I'm sure this makes no sense! My thoughts are v jumbled! I guess I never thought that I'd get married. And now, I don't know if other things are an option? Or, should I count my blessings?
Sx


----------



## staceysm (Nov 18, 2010)

Hi Sunset,

I have never been in your position, but I wonder if you have always prepared yourself to be childless, so children are perhaps something you have never gave much thought to? 

Like you have stated there are avenues now you could go down and no wonder you are confused.  I always wanted children and when it never happened I was devastated.  However my DH on the other hand wasn't bothered at all.  We had a good and fulfilled life together.  We both worked so had nice holidays, weekends away and lots of nights out.  Also we were close to family and had good friends, but I always thought something was missing.
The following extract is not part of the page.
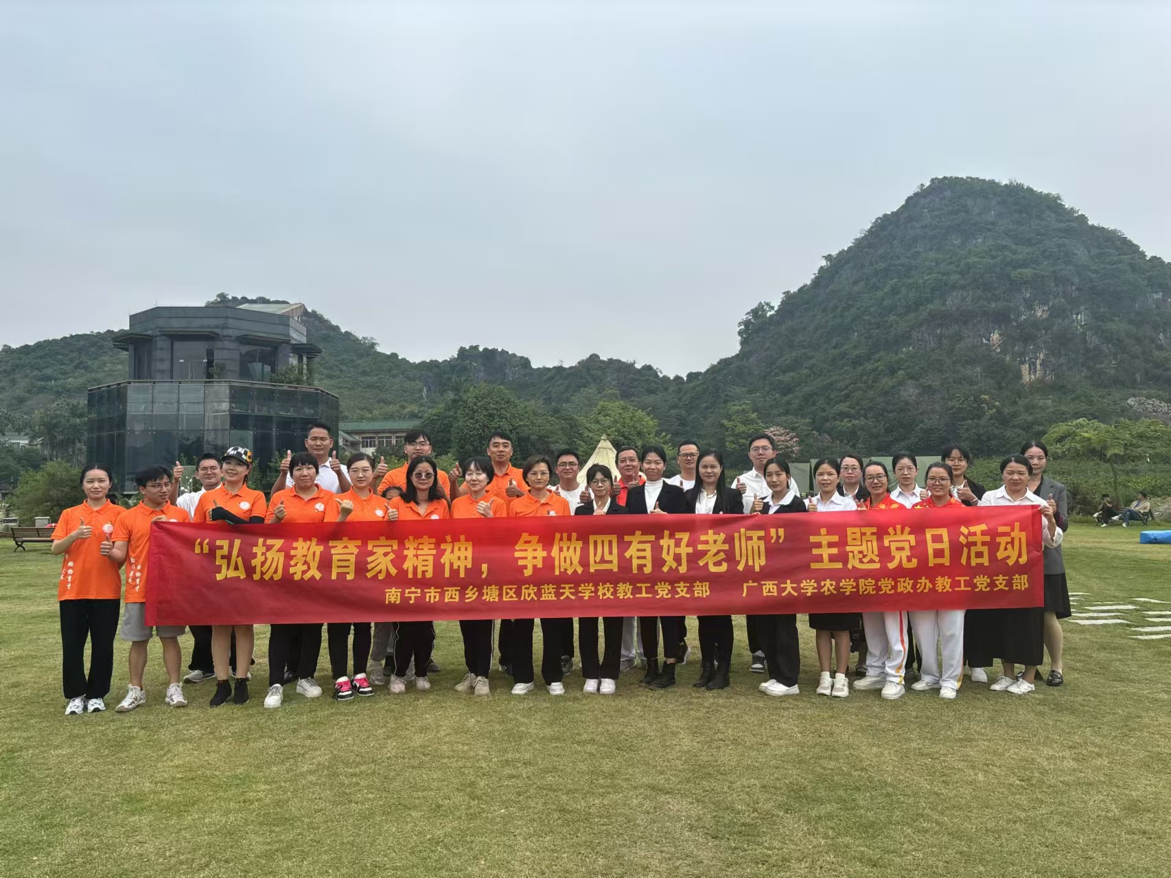 为深入学习贯彻全国教育大会精神和自治区教育大会精神,引导党员干部在实践中把握全国教育大会精神的深刻内涵,提高党员干部的思想政治觉悟,强化新时代党员干部的使命担当,增强教育使命感和责任感,提高教育教学水平,进一步推动学校、学院教育事业发展贡献力量,11月3日,我院党政办支部与南宁市西乡塘区欣蓝天学校教工党支部在南宁市卉芫花卉研学基地,开展以“弘扬教育家精神,争做四有好老师”为主题的党日活动。活动中,大家深入研读了全国教育大会及自治区教育大会精神并就如何将这些会议精神融入日常的教育教学工作中,如何提升教育教学质量,如何培养出德智体美劳全面发展的社会主义建设者和接班人,以及如何践行教育家精神,努力成为“四有”好老师等议题,展开了热烈而深入的讨论。

Our life now couldn't be more different.  As much as I love my boys to be bits, I now think that we could have been happy without children, it would have just been a different life to what I had imagined.
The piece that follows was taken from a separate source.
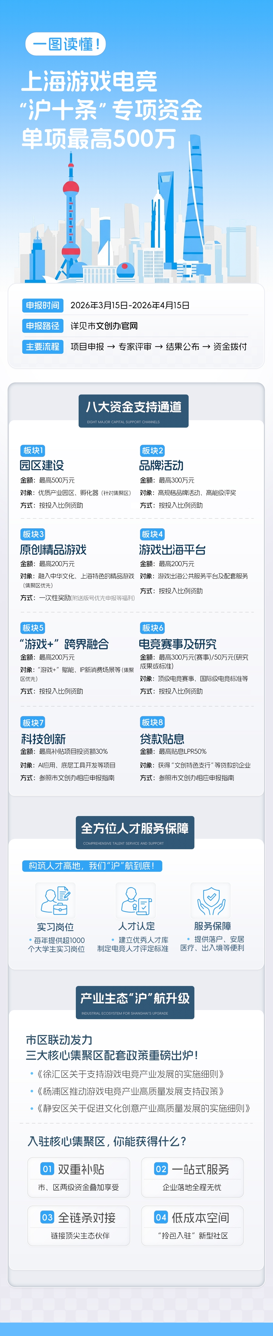 为推动上海游戏电竞产业高质料发展,构建具有全球影响力的产业生态体系,《上海市对于支执游戏电竞产业发展的些许举措》(简称“游戏沪十条”)已于近日印发,围绕环节边界,建议系统性支执政策。4月7日,市文创办将发布2026年度上海市文化创意产业发展专项资金讲述指南,其中包含“游戏沪十条”支执神气讲述形貌。

I hope I make some sort of sense and why not perhaps explore the options that you have and see how you both feel?  You certainly have nothing to lose.

Good luck
X


----------



## Sunset (Sep 21, 2008)

Hi
I suppose I don't want to look back with regret. I did suggest that we consider fostering (as an option) but DH says he's happy with how things are. Which I understand. I will always wish things were different, but they're not! 
I know that I need to count my blessings, of which there are many. I am just so sad about it all. Life's just so unfair. 
x


----------



## katehe (Mar 27, 2011)

Dear sunset,
After my failed ivf, I had grief counselling which helped me move pass the fact that we may never have children to some extent. I'm wondering if you've ever allowed yourself to grieve and be sad .? I guess that maybe because you have known forever that you can't have children, that you have incorporated that into your identity and maybe not considered an alternative reality where you had the choice like most other people.
I don't think you need to count your blessings. I was very hard on myself after failed ivf and thought I should just pick myself up and get on with my new life ... The truth is, I needed time to be angry and upset and work through all my thoughts about what I was missing out on and a long future of implications and reminders. Of course, there is a perfectly good life awaiting us all, with or without children but the fact is we have no free choice like everyone else and that really does suck.  I personally do not identify much with child free people that have made that choice so I know (despite not especially wanting kids in my 20's) that I would have chosen children.
Hope this helps in some way. Give yourself time to reflect and consider options- of course you and your husband would make great parents but it sometimes hurts to think about what could have been so it is easier to just think maybe that we are not a child person  Kate x


----------